At the same time, I also really do not know if it is fair to place all the blame on the frat boys. Not all fraternity members are disrespectful, but in my opinion, the fraternity culture is not doing anything to help this situation. Instead, it is promoting this sort of atmosphere both directly and indirectly by discouraging individuality, affirming the unequal power dynamics that favor men and minimizing the girls to objects.
After the party, my friends and I were rightfully disgusted by the scene but quite frankly felt like there was nothing we could do about it. How do you combat this fraternity culture that, as our experience with the middle-aged Iowa fans on the street showed, is pervasive in all age groups and facets of society?
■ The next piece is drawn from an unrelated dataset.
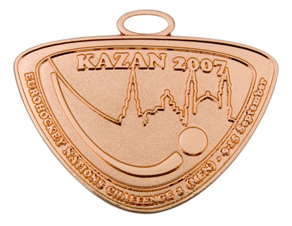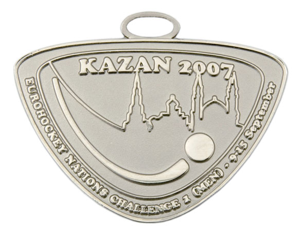 KAZAN 2007 EUROHOCKEY NATIONS CHALLENGE 1 (MEN) 9-15 SEPTEMBER EHF Латунь, мягкая эмаль (аверс, реверс – памятная медаль) Латунь, без эмали (аверс, реверс – наградная медаль) Размеры: 59 х 40 мм Варианты цвета покрытия: золотой, серебряный, бронзовый |
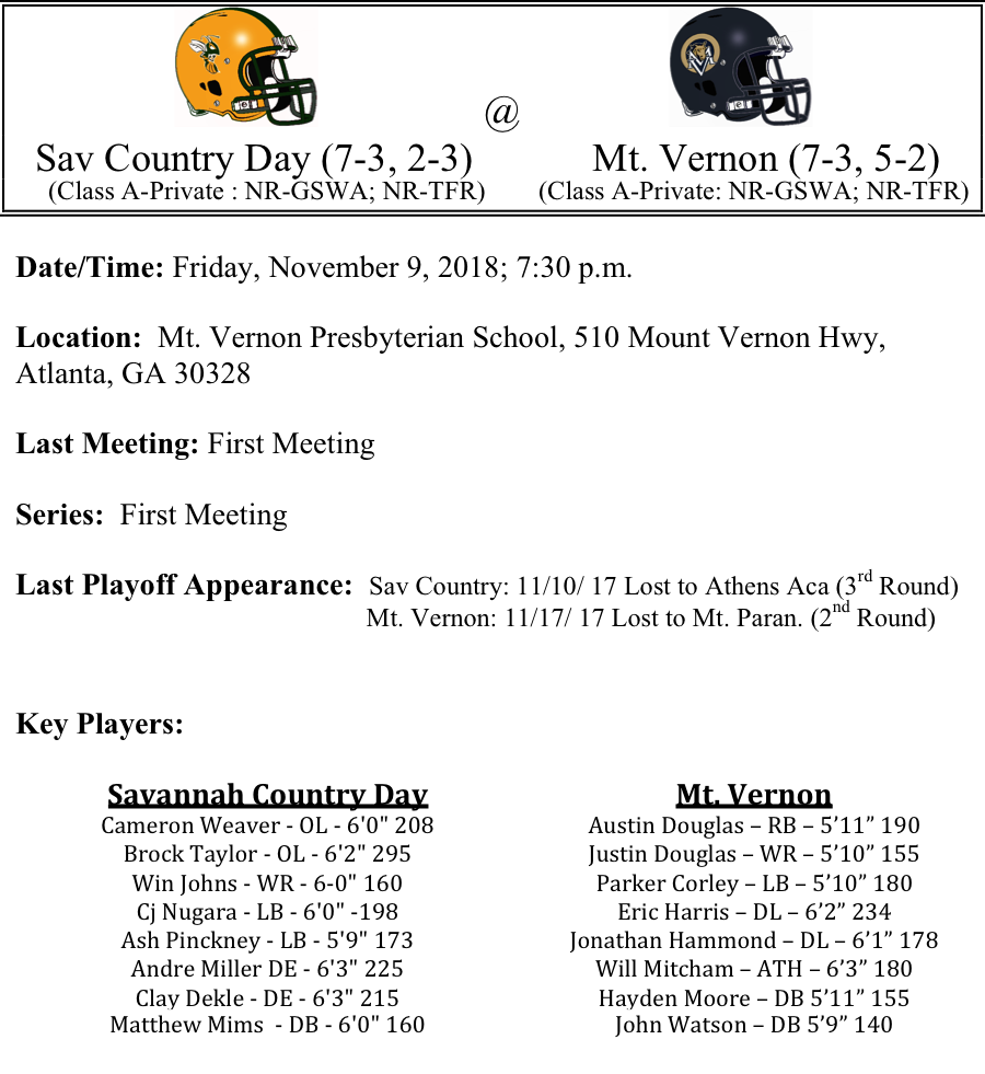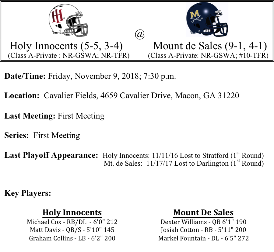 Our first set of Class A-Private playoff previews are listed below. This preview features matchups between Holy Innocents-Mount de Sales, Savannah Country Day-Mount Vernon Presbyterian, Brookstone-Christian Heritage, and Tattnall Square-Wesleyan. Congratulations to all of the teams that have qualified for the playoffs. Best of luck as you play for your teammates, coaches and community this evening.

We talked to my friend’s brother, a senior in the AEPi (Alpha Epsilon Pi) fraternity at Wisconsin, about the culture, but it was not an optimistic conversation. We learned that girls who might fall short of the frat’s superficial standards and fail to gain entry once the party is underway will usually show up early to secure their spot. Then, once the party becomes overcrowded, the frat brother stationed at the door gets in trouble for letting in too many girls who — again, for whatever superficial reason — would not have been let in at a later hour. The party becomes more selective and the shallow judgments more severe, creating a toxic cycle.
Ultimately, this weekend in Madison made me miss Amherst. During my first semester at Amherst, up until this trip, I would have considered some of the parties here “fratty.” But after this weekend, the difference is clear and I do not think I can fairly classify the parties I have gone to here as such. At Amherst, I can walk into any party without being stopped at the door and scrutinized based on what I am wearing — or not wearing — to be granted entry. I never feel the need to dress or act a certain way to get in, and the party culture is, in my experience, inclusive.
Despite the lack of official fraternities at Amherst, I cannot ignore the feeling that at some parties here, there is a dominant and prevalent male gaze. Judging from the #StopItNow posters sprinkled around campus and initiatives by the Title IX office and the Peer Advocates of Sexual Respect, there is serious work that is being done about toxic masculinity and sexual assault on campus. This is a step in the right direction, but so many more steps must be taken to put an end to this fraternity culture that has seeped into all aspects of our society — or that could just be representative of the larger societal injustice that positions women as inferior to men. Either way, we need to stifle this toxic fraternity culture that disadvantages society as a whole and work to literally smash the patriarchy.